Acórdão nº 52424651320218217000 Tribunal de Justiça do Estado do Rio Grande do Sul, Primeira Câmara Criminal, 27-01-2022

Data de Julgamento27 Janeiro 2022
Tribunal de OrigemTribunal de Justiça do RS
Classe processualHabeas Corpus
Número do processo52424651320218217000
Tipo de documentoAcórdão
ÓrgãoPrimeira Câmara Criminal

PODER JUDICIÁRIO

Documento:20001549128
Poder Judiciário
Tribunal de Justiça do Estado do Rio Grande do Sul

1ª Câmara Criminal

Avenida Borges de Medeiros, 1565 - Porto Alegre/RS - CEP 90110-906

Habeas Corpus (Câmara) Nº 5242465-13.2021.8.21.7000/RS

TIPO DE AÇÃO: Crimes de Tráfico Ilícito e Uso Indevido de Drogas (Lei 11.343/06)

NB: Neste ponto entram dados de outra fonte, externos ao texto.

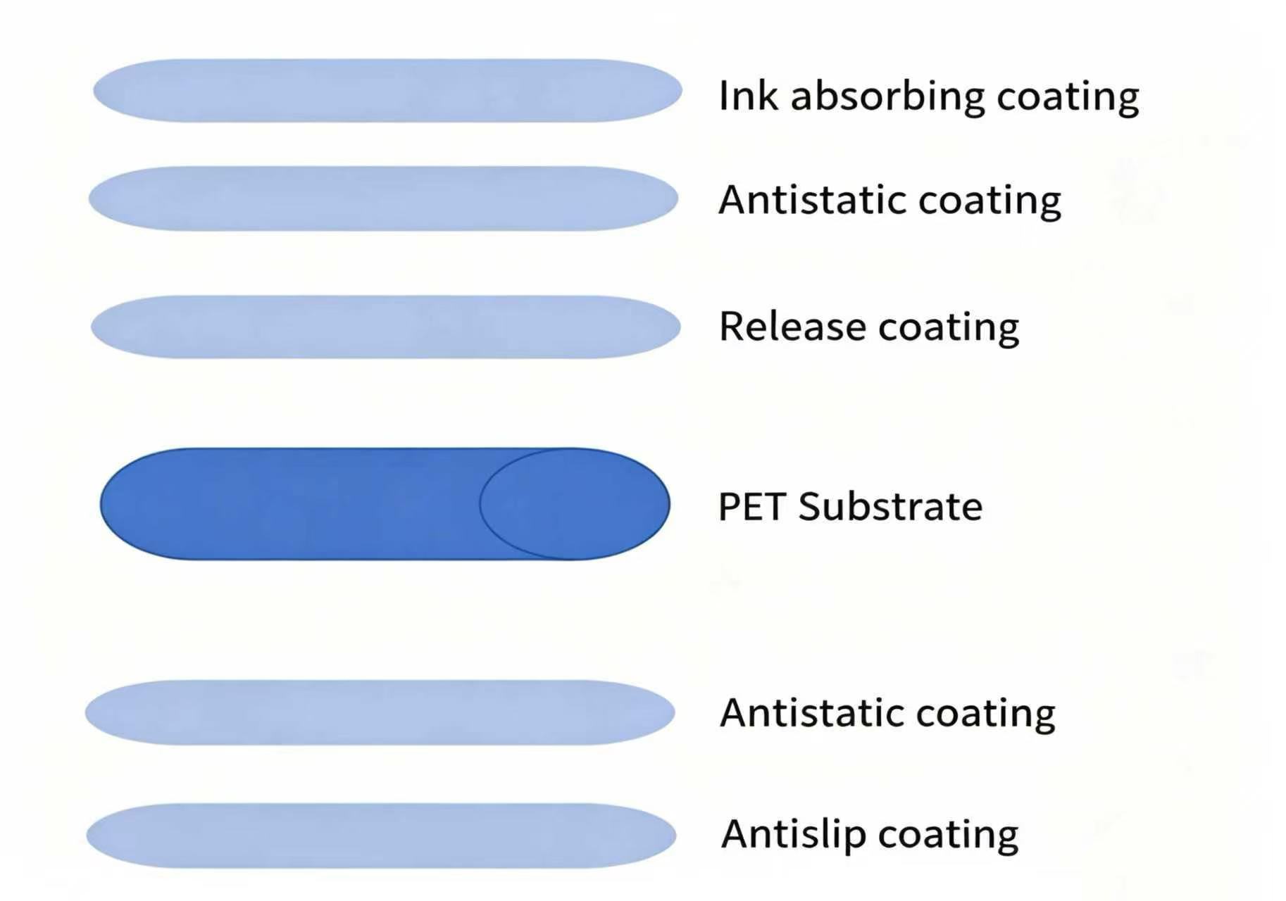 Пленка DTF производится на основе ПЭТ, покрытой разделительным слоем и чернилами.-Впитывающий слой. Двойной-Пленки с боковыми сторонами имеют заднее покрытие, обеспечивающее антистатические и антистатические свойства.-обработка скольжения.

RELATOR: Desembargador HONORIO GONCALVES DA SILVA NETO

PACIENTE/IMPETRANTE: JUNIOR MELLO

IMPETRADO: JUÍZO DA VARA CRIMINAL DA COMARCA DE ALEGRETE

RELATÓRIO

Trata-se de habeas corpus com pedido liminar impetrado em prol de JUNIOR MELLO, preso preventivamente, acusado da prática do delito de tráfico de drogas.

Alega, em síntese, constrangimento ilegal em decorrência da ausência dos requisitos da prisão preventiva. Refere que a decisão que decretou a medida não trouxe fundamento concreto apto a justificar-lhe a necessidade. Menciona condições pessoais favoráveis do paciente, apontando ser primário e ostentar residência fixa e trabalho lícito. Sustenta a possibilidade de aplicação de medidas cautelares diversas. Ao final, requer a concessão da ordem para que seja o paciente posto em liberdade.

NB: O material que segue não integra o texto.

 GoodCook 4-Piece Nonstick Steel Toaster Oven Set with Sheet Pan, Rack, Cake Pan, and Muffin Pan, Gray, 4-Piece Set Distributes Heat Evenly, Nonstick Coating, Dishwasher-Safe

Indeferida a liminar e dispensadas as informações, manifestou-se o Ministério Público pela denegação da ordem.

VOTO

Anoto por primeiro, revelar-se anódina, no caso presente, discussão atinente à decretação de ofício da prisão cautelar, pois colhe-se que a autoridade policial representou pela conversão da prisão em flagrante em preventiva (Evento 1 - INQ1, fl. 29).

Registro, por segundo, que a prisão processual não produz afronta ao regramento constitucional - onde encontra recepção -, tampouco constitui cumprimento antecipado de pena, porquanto guarda estrita relação com a cautelar necessidade de recolhimento do agente, como forma de garantir a ordem pública, viabilizar o regular desenvolvimento do processo ou assegurar cumprimento de eventual condenação. E não traz qualquer ofensa ao princípio da presunção da inocência, mormente ante o disposto no art. 312 do Código de Processo Penal cuja essência – proteção da sociedade – constitui objetivo preponderante no Estado Democrático.

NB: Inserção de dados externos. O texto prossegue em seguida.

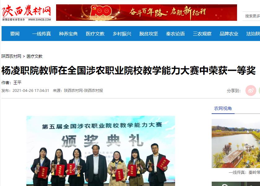 【陕西农村网】杨凌职院教师在全国涉农职业院校教学能力大赛中荣获一等奖

E a questão atinente ao envolvimento ou não do paciente com os crimes que lhe foram imputados não é passível de exame na via estreita do habeas corpus, de sumária cognição.

Quanto ao mais, colhe-se que agentes policiais, deslocando-se pela BR 290, avistaram o veículo GM/Montana e por ter este placas de Sapiranga/RS, local conhecido pela remessa de drogas, decidiram abordar o veículo conduzido pelo paciente. Realizada revista veicular, apreenderam 1.050 gramas de cocaína, 16.474 gramas de maconha e a importância de R$420,00.

Nesse contexto, recebidos os autos (5005170-65.2021.8.21.0002/RS), a autoridade inquinada de coatora homologou o flagrante e converteu a prisão em flagrante de JUNIOR MELLO em preventiva (EVENTO 05), na forma do artigo 310, inciso II, do Código de Processo Penal, em decisão que traz adequada fundamentação, fazendo alusão às circunstâncias que envolveram a prática do crime e trazendo argumentos plausíveis para a implementação da medida, como forma de garantia da ordem pública, verbis:

Vistos.

Trata-se de apreciar auto de prisão em flagrante, lavrado em virtude da eventual prática do delito capitulado no artigo 33, caput, da Lei 11.343/2006, de JUNIOR MELLO, o qual foi apresentado às 13h45min de 30/11/2021 à autoridade policial (Evento 1).

É o relatório.

DA MOTIVAÇÃO E DA FUNDAMENTAÇÃO:

GUILHERME DE SOUZA NUCCI (in Pacote anticrime comentado: Lei 13.964, de 24.12.2019 – 1. ed. - [5. Reimpr.] - Rio de Janeiro: Forense, 2020 – pág. 84) explicita que, com a reforma introduzida pela Lei 13.964/2019, tem-se insistido em diferenciar motivação e fundamentação. Parece-nos razoável pretendendo apontar na motivação os elementos utilizados pelo juiz dentro de seus critérios racionais; atingindo a fundamentação, pretende-se apontar o alicerce da motivação calcada nas provas dos autos.

DA MOTIVAÇÃO:

A pessoa apontada como autora de um fato delituoso, por força do princípio da presunção da não-culpabilidade, deve ser presumida inocente até o trânsito em julgado da sentença penal condenatória, razão pela qual, de regra, deverá responder o processo em liberdade, em vista do princípio da subsidiaridade da prisão (artigo 5º, incisos LVII e LXVI, da CF) [Luis Gustavo Grandinatti Castanho de Carvalho in Comentário ao artigo 5º, LXVI. In: CANOTILHO, J. J. Gomes; MENDES, Gilmar F.; SARLET, Ingo W.; STRECK, Lenio L. (Coords.). Comentários à Constituição do Brasil. São Paulo; Saraiva/Almedina, 2013. pág. 461].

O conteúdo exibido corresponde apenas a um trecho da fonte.